--- YOUR OBJECTIVE ---
Your copy of the entries below should hold exactly the lines from the one containing "C'est cool, on" to the one containing "Taille 143x70x145cm Toit", inclusive, and no pictures.

--- PROVIDED RECORDS ---
____________

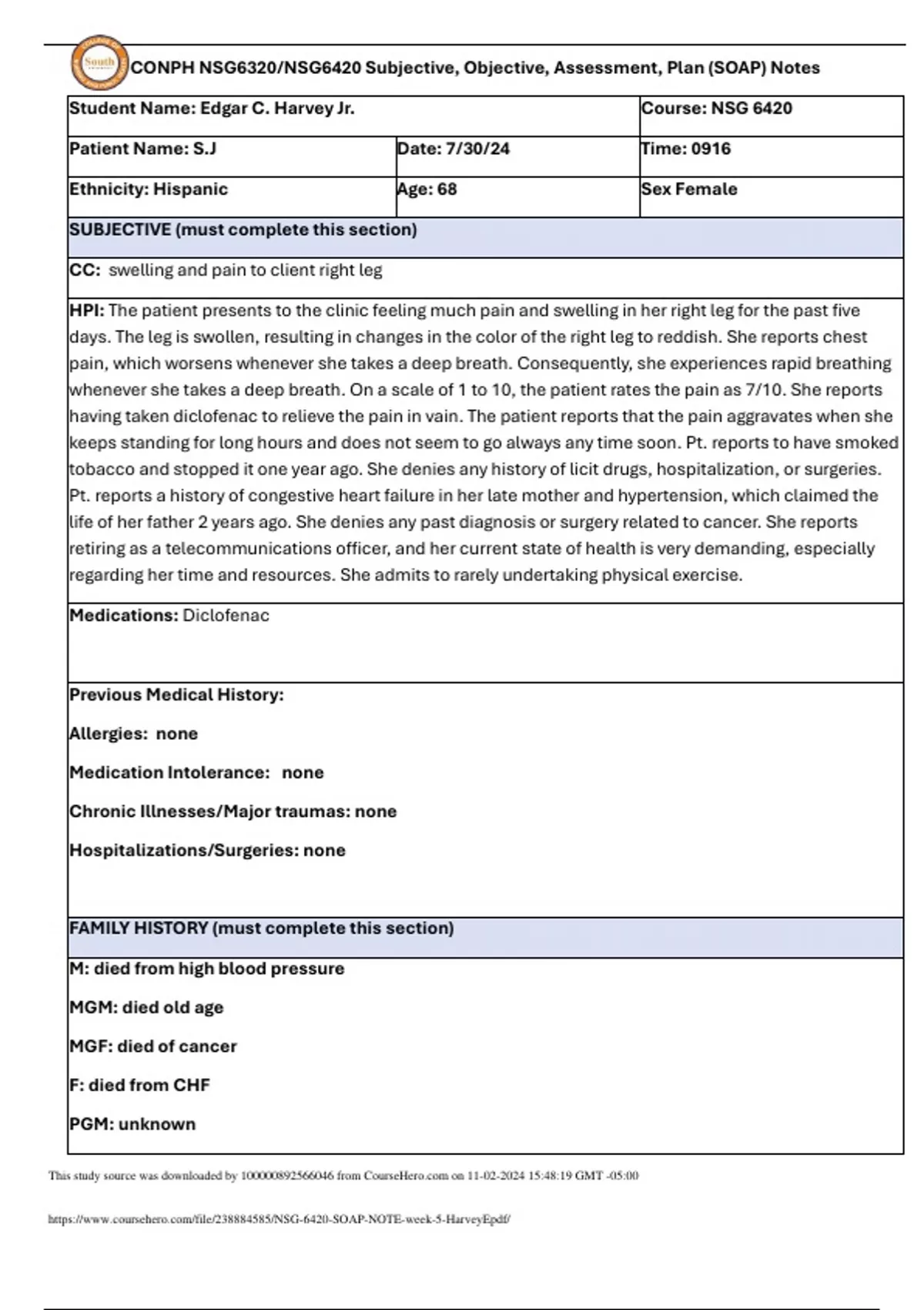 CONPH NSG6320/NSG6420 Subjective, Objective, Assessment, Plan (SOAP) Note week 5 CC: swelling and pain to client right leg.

____________

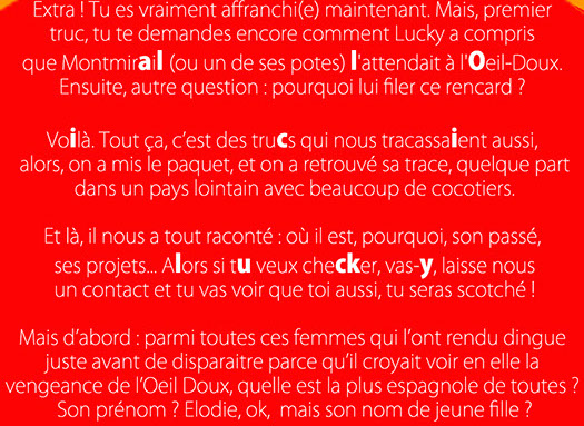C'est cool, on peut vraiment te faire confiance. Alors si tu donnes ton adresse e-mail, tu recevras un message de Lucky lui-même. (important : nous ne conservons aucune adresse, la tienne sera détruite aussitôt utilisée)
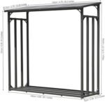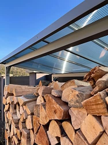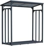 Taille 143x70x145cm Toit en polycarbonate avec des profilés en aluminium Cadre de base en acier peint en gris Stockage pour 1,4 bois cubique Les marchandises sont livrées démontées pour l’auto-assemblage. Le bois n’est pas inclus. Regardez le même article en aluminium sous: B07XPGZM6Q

____________

--- FINISHED TASK ---
C'est cool, on peut vraiment te faire confiance. Alors si tu donnes ton adresse e-mail, tu recevras un message de Lucky lui-même. (important : nous ne conservons aucune adresse, la tienne sera détruite aussitôt utilisée)
 Taille 143x70x145cm Toit en polycarbonate avec des profilés en aluminium Cadre de base en acier peint en gris Stockage pour 1,4 bois cubique Les marchandises sont livrées démontées pour l’auto-assemblage. Le bois n’est pas inclus. Regardez le même article en aluminium sous: B07XPGZM6Q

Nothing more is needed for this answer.